Айринэ смотрела на ее залитое отсветами огня лицо, любовалась ее движениями — как она встряхивает головой и склоняется к грифу, как она запрокидывает голову, и снова — вперед, и тени, и блики, и не разглядеть огромных потемневших глаз, брови — страдальческим изломом, а голос, голос парит и опускается, срывается на крик, переходит в полушепот и взмывает вновь...»
Пусть такое я видела только на видеозаписях с концертов, какая разница? Упоминание названия знакомой песни, жест героини, виденный, наверное, на какой-то фотографии... из таких мелочей складывалась цельная картинка, так автор давала понять: да, да, это тот самый мир, куда ты так рвалась, — ты узнаешь? ты видишь?
Читать это как литературное произведение я не могла и не могу до сих пор. Даже недостатки стиля здесь — часть описываемого мира.
Это история поиска своих — понимающих без слов, говорящих взглядами, ни в чем не упрекающих, принимающих таким, каков ты есть... Понятная мечта. И почти осуществившаяся для Айринэ: новое имя (вернее, череда имен, каждое из которых кажется единственно правильным, выражением сути), песни до утра, Коны и концерты, эльфийские словечки в обыденной речи, а главное — стая (слово, настолько напоминающее «Дом, в котором...», что невозможно не вспомнить четвертую, их непростое единение, внутриДомные райские кущи), разношерстная и родная, бесконечные разговоры... и ядром всего этого — Лави.
И именно ассоциация с «Домом, в котором...» первой помогает понять жуткую неправильность ситуации: больная, нездоровая какая-то атмосфера, — внутри стаи каждый "сидит" на ласковых прикосновениях Лави, как на игле; вместо поддержки — интриги и соперничество («правда, я хороший? правда, я лучше Йолли?»); постоянный дефицит любви, тоже ставшей наркотиком... И одиночество — в худшей своей ипостаси: одиночество-в-толпе.

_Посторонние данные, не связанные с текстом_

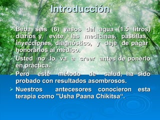 Este documento describe una terapia alternativa basada en el consumo de 1.5 litros de agua pura por la mañana antes de cualquier otra comida o bebida. Se afirma que esta terapia puede curar una variedad de afecciones como estreñimiento, acidez, diabetes, cáncer, tuberculosis y problemas de hipertensión e hipotensión. Explica que el agua pura ayuda a limpiar el colon y mejorar la formación de sangre, lo que conduce a la curación del cuerpo. Recomienda compartir esta información con otros para promover la sal

«Кто молчит, кто дерзок, кто зол и груб,
А ликуют те, за кого умрут».
Те, за кого умрут: те, кто очаровал — околдовал, — приманил и держит; те, кто играет чужой любовью, для кого люди — игрушки, а игрушку всегда можно сломать — кто осудит? — или выбросить, когда надоест. Сломанные люди, искалеченные души, эмоциональное подчинение — чем-то «Повесть» напоминает «Песню цветов аконита».
«Забывайся, бойся, несись стремглав!..
Но ни слова больше,
ни выстрела».
И самое страшное — тот ужас, который творят Лави и ей подобные, ведь тоже следствие одиночества, и причина неумения жить без обожания, мне кажется, тоже лежит в глубинной неуверенности и слабости. Не предательство, но цепочка предательств — и люди падают один за другим, как рушится карточный домик, если толкнуть первую карту: преданный становится предавшим.
Маленький эпизод из книги (появление героини, знакомой с Лави и обладающей огромным авторитетом, а затем путанное и полное умолчаний обсуждение ее персоны в стае) дает это понять — а позднее всё подтверждается судьбой самой Айринэ.
Кто толкнул первым? И кто упадет последним?
Когда жажду капли тепла используют в своих целях; когда имитируют любовь так искусно, что люди верят; когда на раскрытых ладонях протягивают каменный хлеб...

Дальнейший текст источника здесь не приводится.